As before, the RX100 VI is equipped with a 1.0-type Exmor RS CMOS sensor with a built in DRAM chip to maximize speed. It can can shoot at 24 fps with full AF/AE tracking as before, but now focuses in just 0.03 seconds compared to 0.05 seconds. Moreover, eye-tracking Eye AF focus is now twice as fast as before. That’s all aided by the 315 phase-detection (plus contrast-detection) AF points, and the same image processor found on Sony’s flagship full-frame A9 mirrorless camera.
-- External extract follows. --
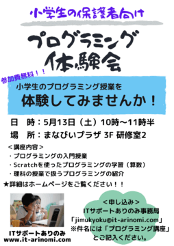 「小学生の保護者向け プログラミング体験会」

Happily, the RX100 Mark VI is now equipped with a touchscreen that can handle touch focusing and touch shutter release, and flip up 180 degrees for selfie shooters or vloggers. Furthermore, it comes with 2.35 million-dot Tru-Finder OLED EVF with one-touch operation so that you don’t have to pull it out anymore. And as you’d expect, the RX100 VI supports 4K video, but it now also has HDR capability.
Sony introduced the RX100 V just a year after the Mark IV model, so we were getting impatient to see what it would do next. Now we know why it took so long, considering the significant lens and spec overhaul. The RX100 VI will arrive in July, but you can pre-order it on June 7th for $1,200.